* [What this task involves]
Restate word for word the opening line of the data below and every line after it until the line with "ـــــــــــــــــــــــــــــQوقال الكرخي: وإن", that line too, but not the pictures.

__________________________________________________

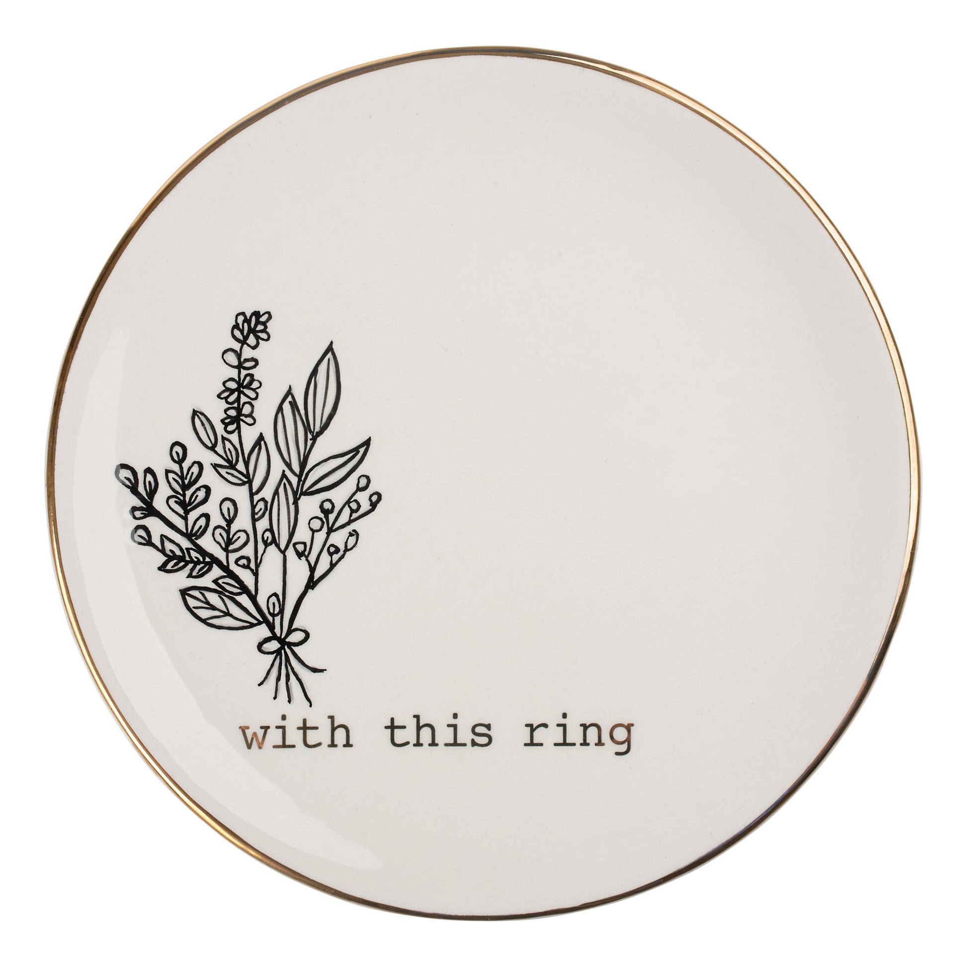 What would newlyweds need but a special place to hold their new rings! Our simple yet stunning With This Ring Trinket Tray will remind them of their commitment and love for one another.
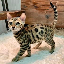 Disponibili alla prenotazione bellissimi bengala silver, brown e snow con pedigree ENFI. Hanno vaccinazione e relativo richiamo, doppia sverminazione e test dei genitori di nostra proprietà esenti da patologie genetiche.
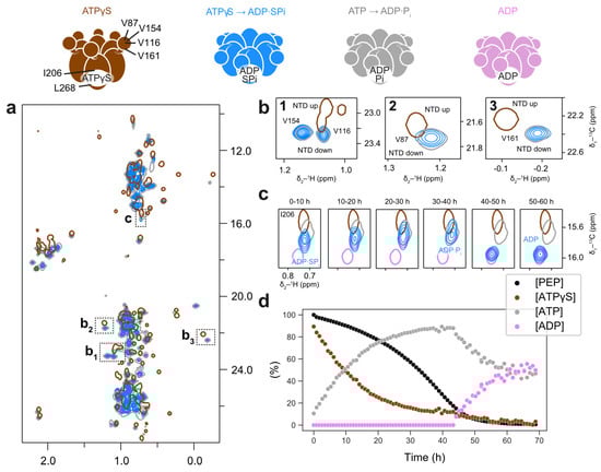 NMR spectroscopy provides atomic-level insight into the chemical environment of NMR-active nuclei in a sample through its most fundamental observable, the chemical shift. This capability makes it a powerful tool for simultaneously identifying bound nucleotides, monitoring small-molecule composition, and assessing structural states of enzymes. These strengths were leveraged to detect subtle structural transitions along the trajectory of enzymatic ATP hydrolysis, capturing static snapshots of multiple conformational states [11]. Importantly, NMR experiments can also be conducted in a time-resolved manner to trace in situ the progression of enzymatic reactions and to detect associated protein conformational changes. For example, by employing ATP in conjunction with a regeneration system fuelled by phosphoenolpyruvate (PEP), the activity of ATPase enzymes can be observed over extended periods of time. This system uses pyruvate kinase (PK) to continuously reform ATP from PEP and ADP [13,14]. The experiment’s duration is constrained by PK activity and PEP availability, as highly active ATPases can deplete PEP rapidly or outpace the regeneration process.
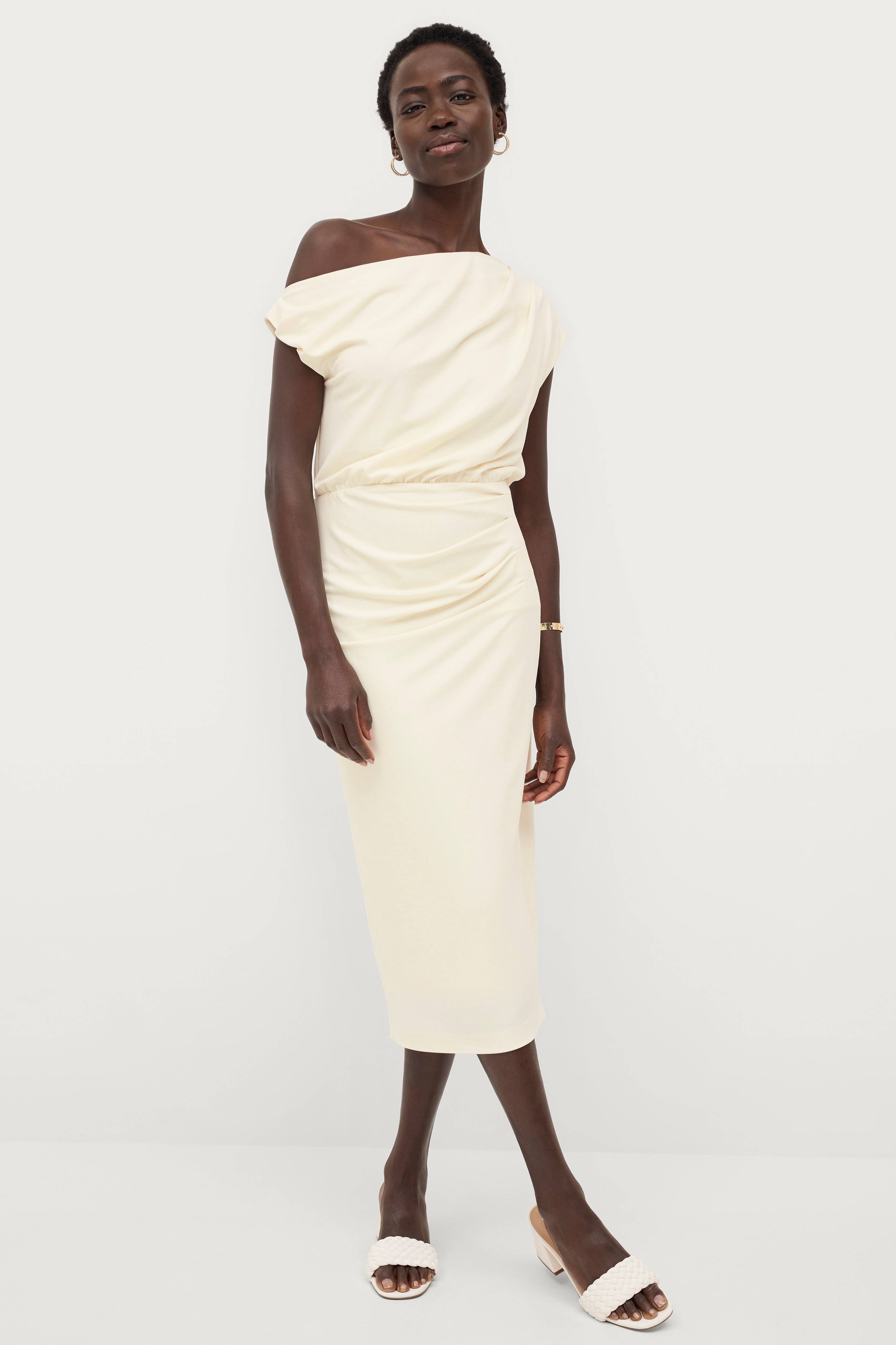 • Figurnära klänning i jersey• Draperad halsringning• Veck i sidan• Elastisk midja• Slits nedtill bak• Trikåfoder• Längd: 111 cm i storlek 36
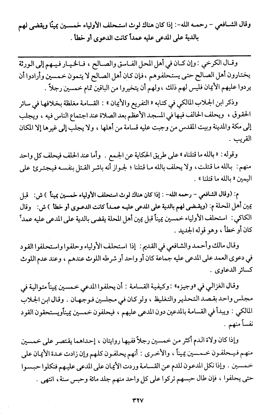 ـــــــــــــــــــــــــــــQوقال الكرخي: وإن كان في أهل المحل الفاسق والصالح، فالخيار فيهم إلى الورثة يختارون أهل الصالح حتى يستحلفوهم، فإن كان أهل الصالح لا يتمون خمسين وأرادوا أن يردوا عليهم الأيمان فليس لهم ذلك، ولهم أن يتخيروا من الباقين تمام خمسين رجلا.
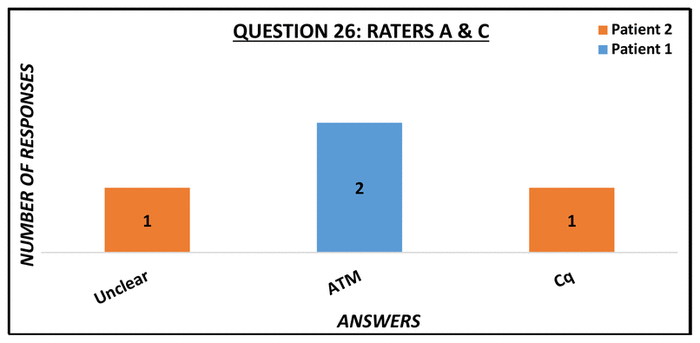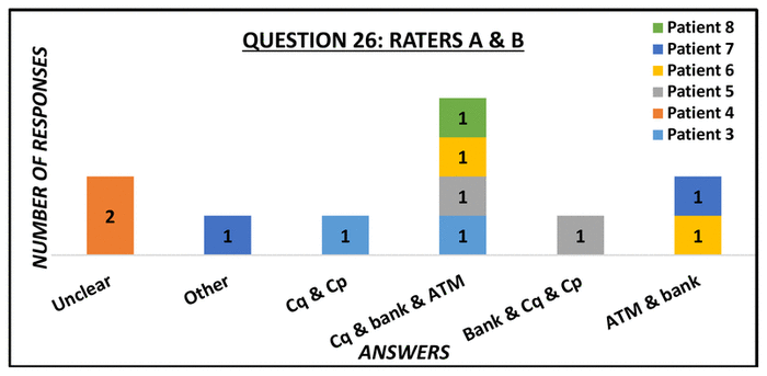 Figure 51 Participant answers to question 26 between raters A & CThe stacked bar chart shows each participant response to question 26, obtained during the decision-making capacity assessments done with the communication aid by raters A and C. Abbreviations: Cq – cheque. | ||
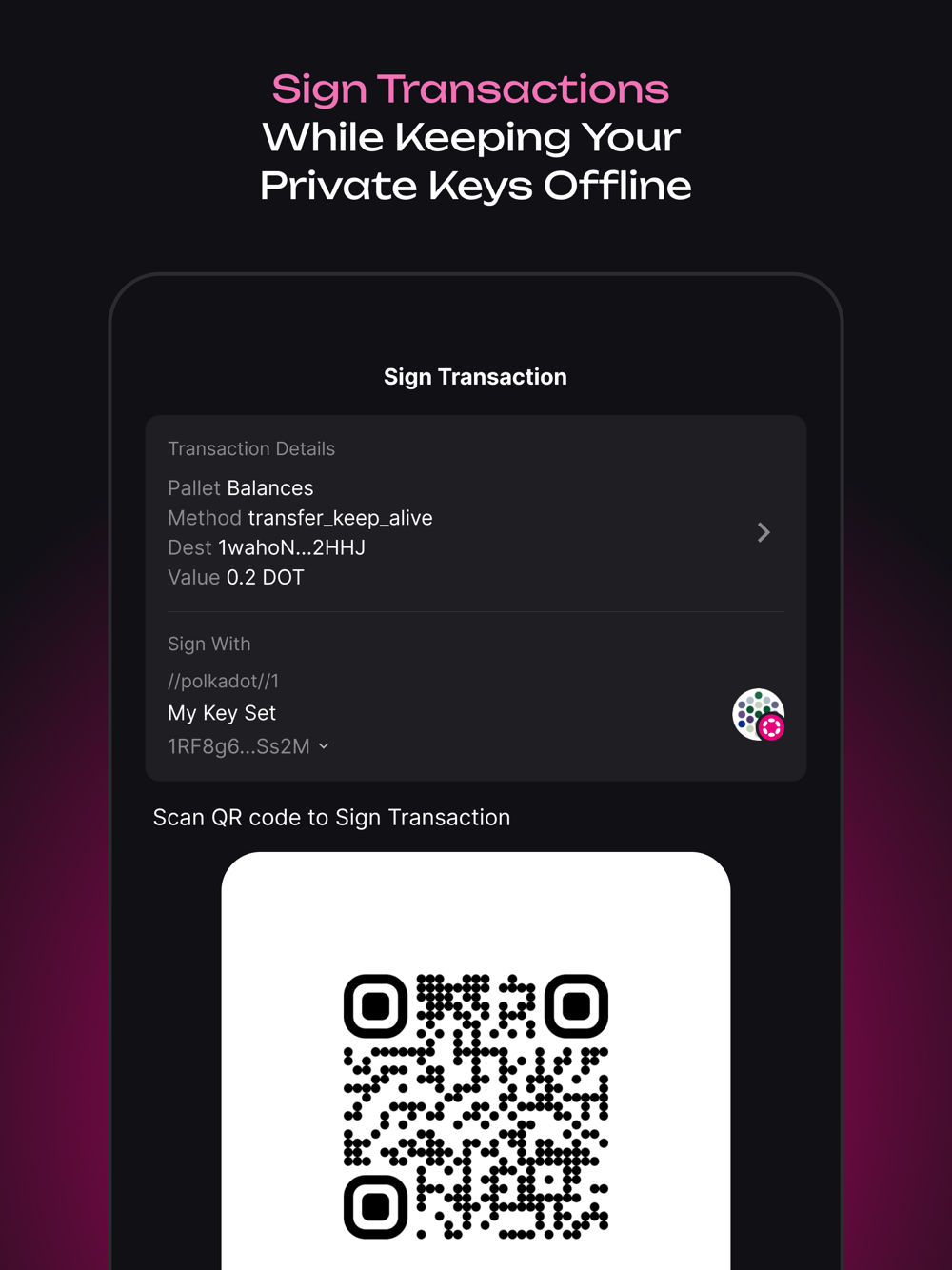 - Sign transactions directly on your device and execute them on your "hot device" by showing it back the signed QR code.
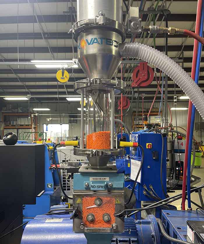 - 운송 컨테이너에서 건조기로, 그리고 사출 성형기로 펠릿화된 수지를 이송하는 폐쇄 루프 자재 취급은 오염 위험을 최소화합니다. 또한 견고한 이송 시스템은 재료의 건조도를 정확하게 유지합니다.
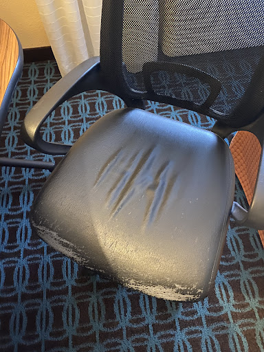 On the 23rd, the bathroom floor was dirty, the faux leather on the office chair was shredding (and got onto my slacks), and the tv wouldn’t work. I tried to call the front side desk and the phone rang indefinitely, so I used my iPad to watch a movie. Also of note, the lids for the disposable coffee cups in the room were too small for the cups.
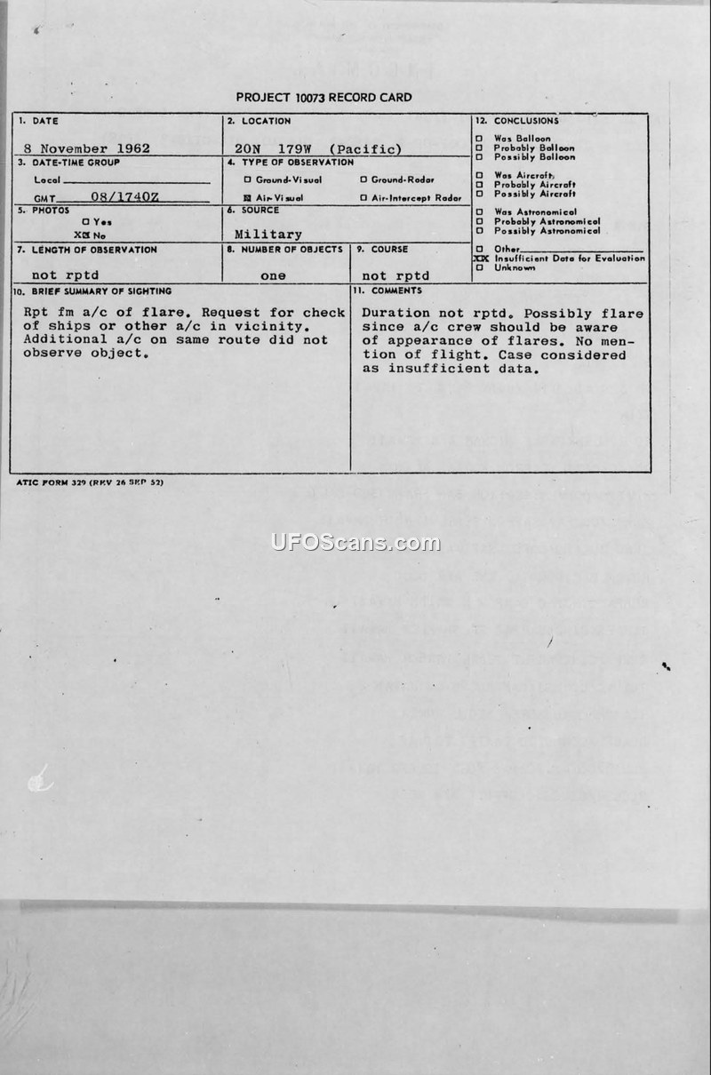 A military aircraft reported a flare-like object in the Pacific on 8 November 1962. The case was closed as insufficient data after no other aircraft in the area confirmed the sighting.
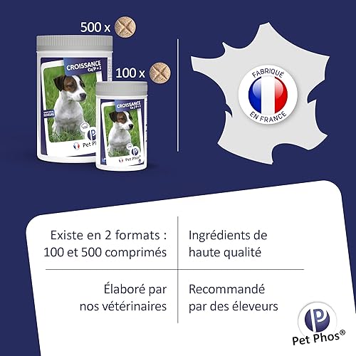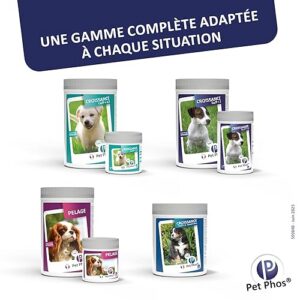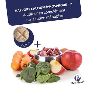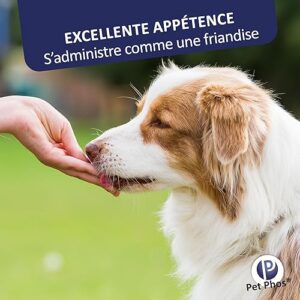Précautions : Prenez garde à ne pas laisser la boîte à la portée du chien, afin d’éviter une prise importante pouvant occasionner une augmentation trop brutale du taux de calcium de l’organisme. Mode d’emploi : L’excellente appétence de PET-PHOS permet en général une prise spontanée mais on peut également le donner mélangé à la ration quotidienne. Croissance : Croissance chiots petites races (adultes – 10 kg): 1 comprimé matin et soir pour 5 kg. Race Moyennes (adultes 10 à 25 kg): 1 comprimé matin et soir pour 5 kg. Chiots Grandes Races* (adultes + 25 kg): 3 comprimés matin et soir pour 10 kg. * Donner plutôt Pet-Phos Croissance Spécial Grand Chien. Lactation : Petites Races (adultes – 10 kg): 1 comprimé matin et soir pour 5 kg. Races Moyennes (adultes 10 à 25 kg): 1 comprimé matin et soir. Grandes Races* (adultes + 25 kg): 2 comprimés matin et soir pour 10 kg. * Donner plutôt Pet-Phos Croissance Spécial Grand Chien. A donner pendant toute la durée de la croissance et de la lactation. Animaux nourris avec une alimentation industrielle classique pour adultes: Donner Pet-Phos Ca/p=1,3 (poids adulte inférieur à 25 kg) ou Pet-Phos Croissance Spécial Grand Chien (poids adulte supérieur à 25 kg).
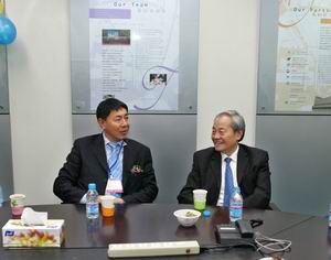 在纱线展贵宾室交谈

__________________________________________________

* [Task answer]
 What would newlyweds need but a special place to hold their new rings! Our simple yet stunning With This Ring Trinket Tray will remind them of their commitment and love for one another.
 Disponibili alla prenotazione bellissimi bengala silver, brown e snow con pedigree ENFI. Hanno vaccinazione e relativo richiamo, doppia sverminazione e test dei genitori di nostra proprietà esenti da patologie genetiche.
 NMR spectroscopy provides atomic-level insight into the chemical environment of NMR-active nuclei in a sample through its most fundamental observable, the chemical shift. This capability makes it a powerful tool for simultaneously identifying bound nucleotides, monitoring small-molecule composition, and assessing structural states of enzymes. These strengths were leveraged to detect subtle structural transitions along the trajectory of enzymatic ATP hydrolysis, capturing static snapshots of multiple conformational states [11]. Importantly, NMR experiments can also be conducted in a time-resolved manner to trace in situ the progression of enzymatic reactions and to detect associated protein conformational changes. For example, by employing ATP in conjunction with a regeneration system fuelled by phosphoenolpyruvate (PEP), the activity of ATPase enzymes can be observed over extended periods of time. This system uses pyruvate kinase (PK) to continuously reform ATP from PEP and ADP [13,14]. The experiment’s duration is constrained by PK activity and PEP availability, as highly active ATPases can deplete PEP rapidly or outpace the regeneration process.
 • Figurnära klänning i jersey• Draperad halsringning• Veck i sidan• Elastisk midja• Slits nedtill bak• Trikåfoder• Längd: 111 cm i storlek 36
 ـــــــــــــــــــــــــــــQوقال الكرخي: وإن كان في أهل المحل الفاسق والصالح، فالخيار فيهم إلى الورثة يختارون أهل الصالح حتى يستحلفوهم، فإن كان أهل الصالح لا يتمون خمسين وأرادوا أن يردوا عليهم الأيمان فليس لهم ذلك، ولهم أن يتخيروا من الباقين تمام خمسين رجلا.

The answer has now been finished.